Belfast Telegraph

Belfast man Francis Smith jailed after rifle 'for shooting vermin' found in attic of flat

By Ashleigh McDonald

A Belfast man caught in possession of a rifle found in the roof space of his flat has been handed an 18-month prison sentence.

Francis Gerard Patrick Smith, from Glenmurray Court, claimed he bought the weapon in a local pub and used it to kill vermin.

The 40-year-old was informed by Judge Patricia Smyth that he will spend nine months of the sentence in jail, with the remaining nine on supervised licence.

Belfast Crown Court heard that Smith was alcohol dependant and had a range of health issues stemming from a hatchet attack in 2012.

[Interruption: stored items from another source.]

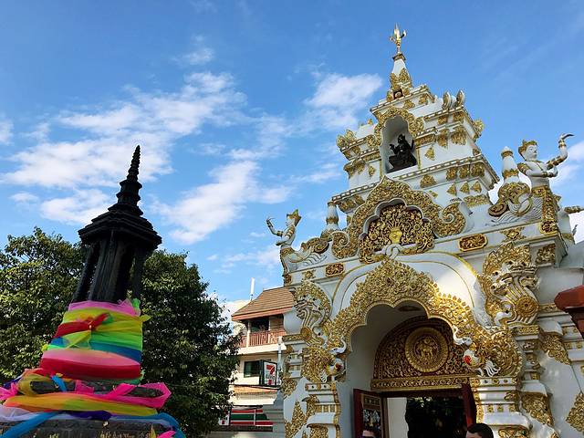 布帕兰寺,位于塔佩门外的闹市中,混合了缅甸和兰纳两种风格,是泰囧的主要取景地之一。
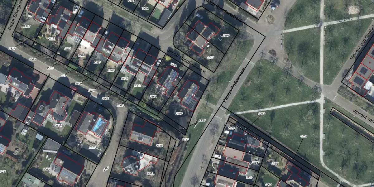 Jacob Ruisdaelstraat 5 is gelegen op kadastraal perceel TIE00H2498. Deze kadastrale aanduiding is uniek en wordt gebruikt door het Kadaster om eigendomsrechten en andere zakelijke rechten vast te leggen. Het perceel maakt onderdeel uit van de kadastrale gemeente Tiel.
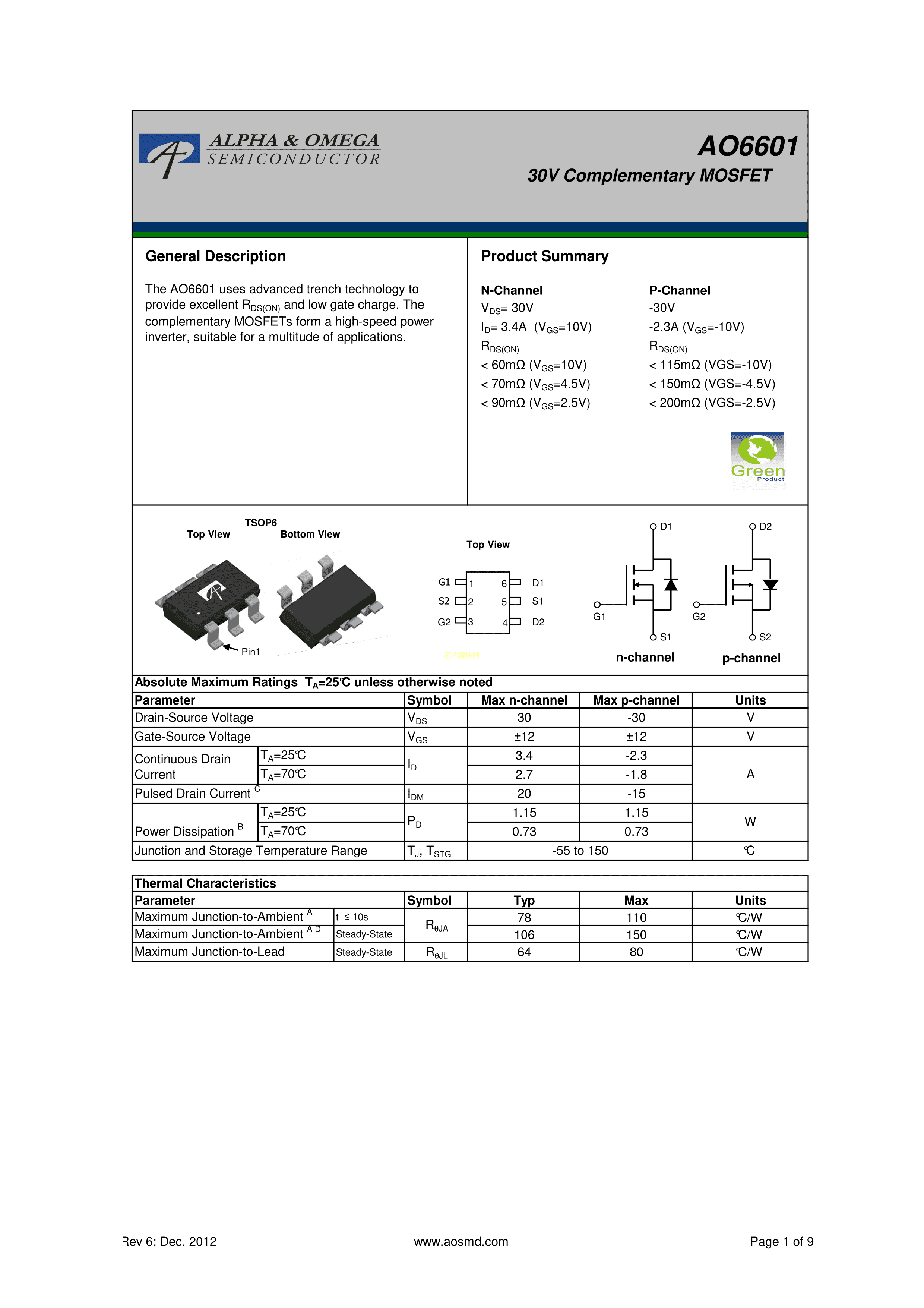 AO6601数据手册TSOP-6封装AOSPDF规格书,中英文下载
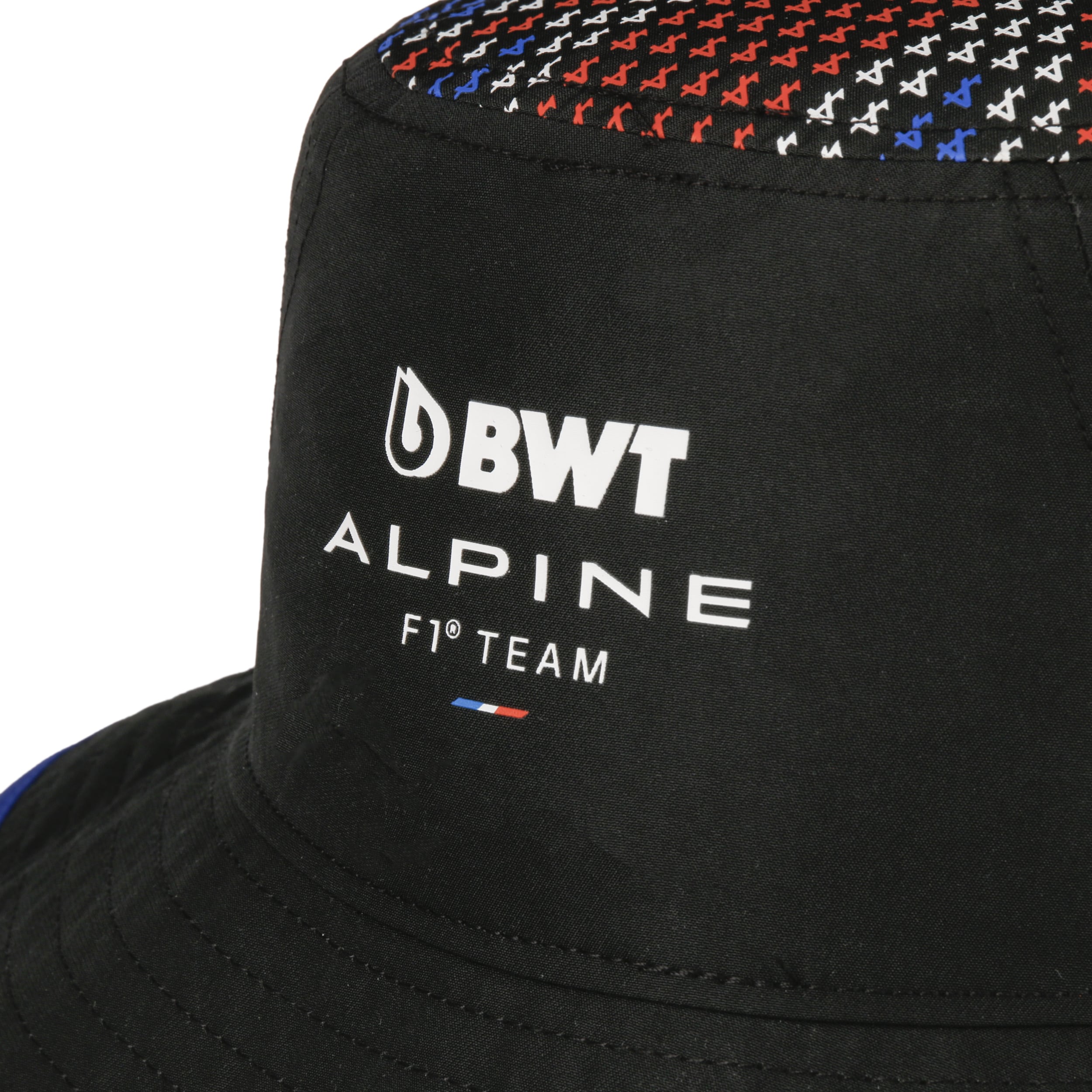 The modern bucket hat from New Era catches the eye with several attractive accents. Strong colour contrasts set the scene for the fan design with which the headwear presents itself in an expressive way. The Union Jack can be seen on the top of the crown - in reference to the British Grand Prix at Silverstone. The front shows a logo embroidery of the F1 team Alpine.

The court also heard that while Smith initially denied knowing about the rifle and ammunition found in his flat, the Crown was not accepting his claim that he bought the gun to kill vermin.

At a previous hearing, prosecutor Philip Henry said Smith's home - at the time a flat on Springfield Road - was searched on February 26 last year.

Both the rifle and an air gun were located in a bag in the roof space of the property. Also found during the search was a silencer and a total of 50 .22 calibre bullets.

Mr Henry said the rifle had been stolen during the burglary of a property in January 2015, and that the previous owner had used it for recreational shooting on a firing range.

Telling Judge Smyth that the defendant was not facing any charges linked to the burglary, the Crown barrister added there was no evidence the weapon had been used following the break-in.

Regarding the air gun, Mr Henry said it had been designed to resemble a Beretta self-loading pistol, but that at the time of the search was not functioning.

Mr Henry also said that after he was arrested Smith was interviewed by police but gave a "no comment" response.

He did, however, subsequently plead guilty to four charges - two counts of possessing a firearm in suspicious circumstances, possessing ammunition in suspicious circumstances, and possessing an air gun without a firearms certificate.

Defence barrister Neil Fox said his client was an alcoholic who was in need of treatment and was more a danger to himself than to the public.

Revealing it was Smith's case that he purchased the rifle to shoot vermin, Mr Fox said the weapon in question was neither easy to carry about nor the type of gun usually associated with paramilitaries.

Mr Fox also said Smith's criminal record did not include any relevant offences, adding he hadn't been before the court in 13 years.